◆ **RECORDS SUPPLIED**
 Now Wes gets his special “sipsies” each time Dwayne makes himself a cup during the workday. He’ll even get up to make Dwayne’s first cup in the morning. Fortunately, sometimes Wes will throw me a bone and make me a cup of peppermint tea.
* * *
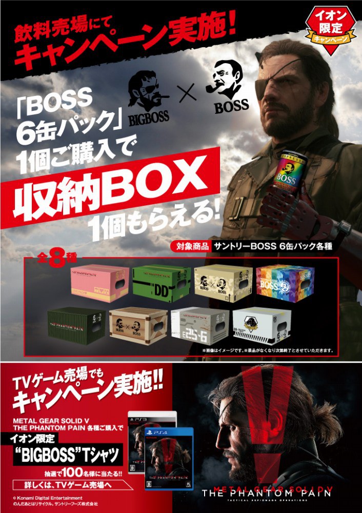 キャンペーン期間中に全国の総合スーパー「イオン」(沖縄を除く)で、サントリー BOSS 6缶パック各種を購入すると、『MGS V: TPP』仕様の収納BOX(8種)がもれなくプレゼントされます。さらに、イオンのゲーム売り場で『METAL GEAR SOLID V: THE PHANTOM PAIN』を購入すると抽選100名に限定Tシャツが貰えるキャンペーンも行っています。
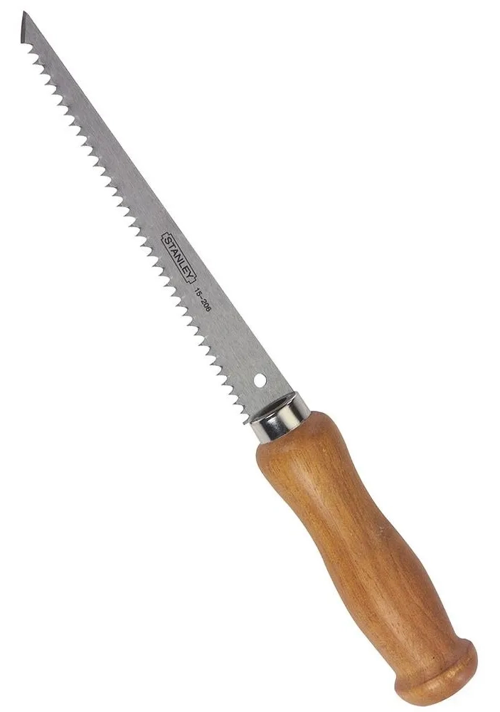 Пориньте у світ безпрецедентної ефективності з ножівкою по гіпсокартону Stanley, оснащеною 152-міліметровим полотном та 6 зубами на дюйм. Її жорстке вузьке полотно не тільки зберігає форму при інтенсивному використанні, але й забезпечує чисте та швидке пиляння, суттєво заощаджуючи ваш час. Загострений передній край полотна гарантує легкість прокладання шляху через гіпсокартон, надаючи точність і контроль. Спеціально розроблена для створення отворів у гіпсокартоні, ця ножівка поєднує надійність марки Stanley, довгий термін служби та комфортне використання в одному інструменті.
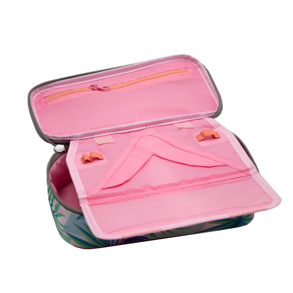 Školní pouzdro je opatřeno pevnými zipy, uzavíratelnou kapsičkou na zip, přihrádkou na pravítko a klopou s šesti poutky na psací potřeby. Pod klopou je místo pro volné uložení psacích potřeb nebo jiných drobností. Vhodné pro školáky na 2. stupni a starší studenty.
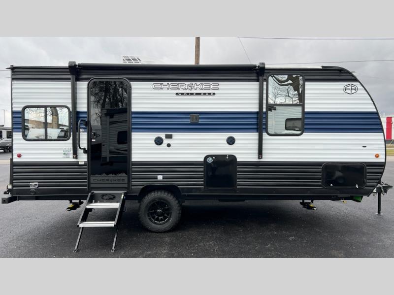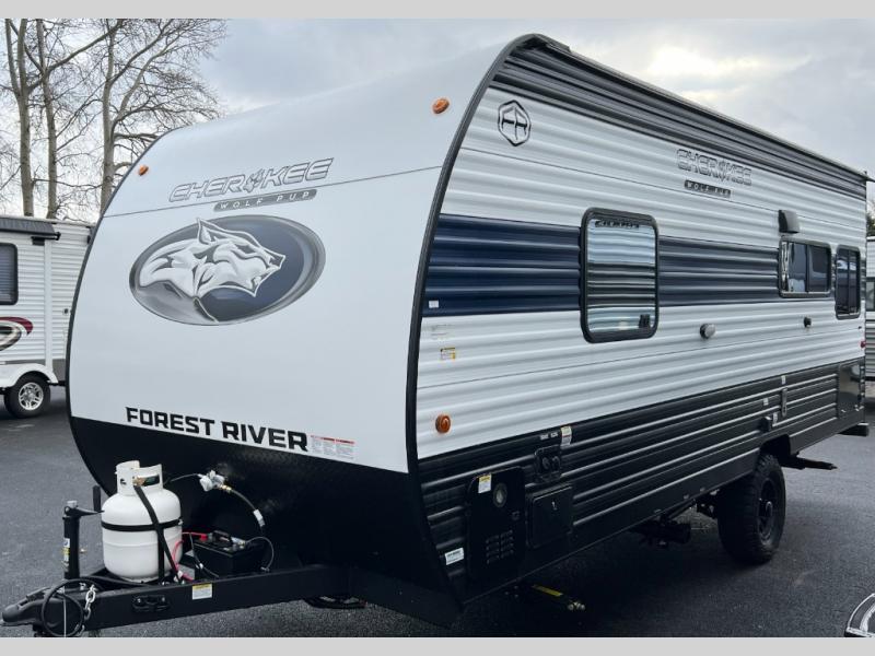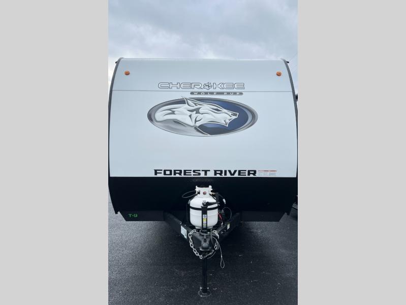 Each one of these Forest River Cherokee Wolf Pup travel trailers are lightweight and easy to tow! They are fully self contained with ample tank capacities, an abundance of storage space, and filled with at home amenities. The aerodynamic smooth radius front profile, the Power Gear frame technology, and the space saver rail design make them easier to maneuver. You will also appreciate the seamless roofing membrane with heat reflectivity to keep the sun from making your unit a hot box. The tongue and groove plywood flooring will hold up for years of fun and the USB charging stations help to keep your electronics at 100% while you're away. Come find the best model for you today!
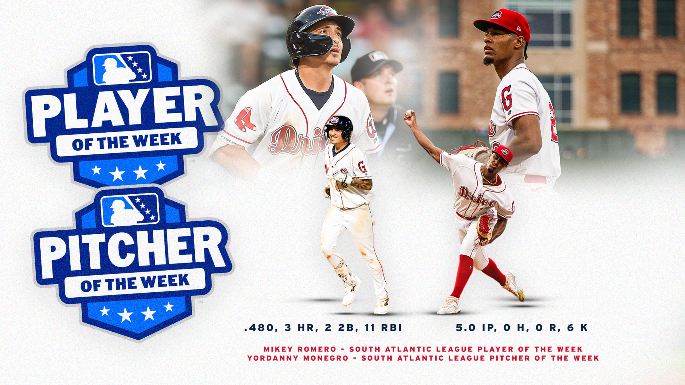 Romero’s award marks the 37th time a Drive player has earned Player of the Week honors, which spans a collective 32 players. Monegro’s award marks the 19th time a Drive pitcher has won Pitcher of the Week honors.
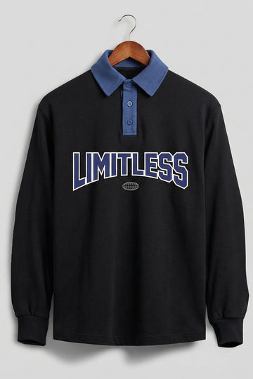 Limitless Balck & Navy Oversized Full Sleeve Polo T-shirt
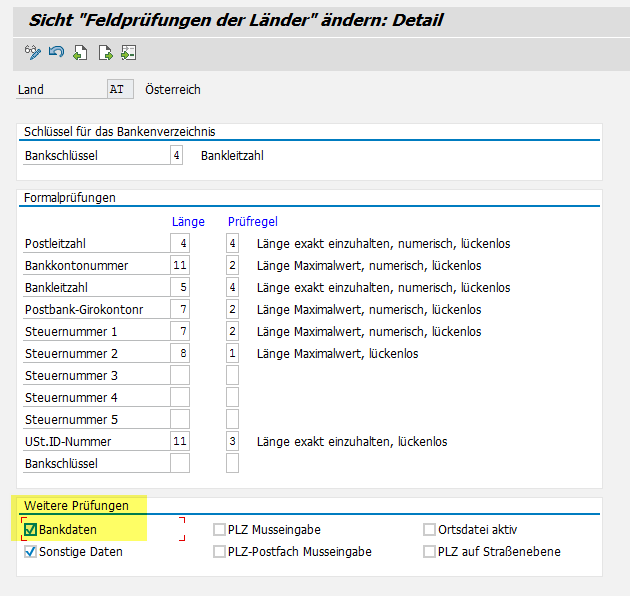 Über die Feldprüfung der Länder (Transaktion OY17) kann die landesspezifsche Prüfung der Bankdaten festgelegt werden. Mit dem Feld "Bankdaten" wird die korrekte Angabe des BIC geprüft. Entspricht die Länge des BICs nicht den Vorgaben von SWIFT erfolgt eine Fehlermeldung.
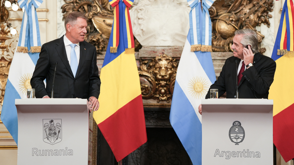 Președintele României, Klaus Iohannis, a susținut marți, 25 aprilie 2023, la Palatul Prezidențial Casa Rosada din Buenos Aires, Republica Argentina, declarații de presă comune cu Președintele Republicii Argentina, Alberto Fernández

◆ **INSTRUCTIONS TO FOLLOW**
Leaving every picture aside, reproduce exactly the lines above from the one with "Each one of" up to and including the one with "Romero’s award marks", and no others.

◆ **REPLY TO THE EXERCISE**
 Each one of these Forest River Cherokee Wolf Pup travel trailers are lightweight and easy to tow! They are fully self contained with ample tank capacities, an abundance of storage space, and filled with at home amenities. The aerodynamic smooth radius front profile, the Power Gear frame technology, and the space saver rail design make them easier to maneuver. You will also appreciate the seamless roofing membrane with heat reflectivity to keep the sun from making your unit a hot box. The tongue and groove plywood flooring will hold up for years of fun and the USB charging stations help to keep your electronics at 100% while you're away. Come find the best model for you today!
 Romero’s award marks the 37th time a Drive player has earned Player of the Week honors, which spans a collective 32 players. Monegro’s award marks the 19th time a Drive pitcher has won Pitcher of the Week honors.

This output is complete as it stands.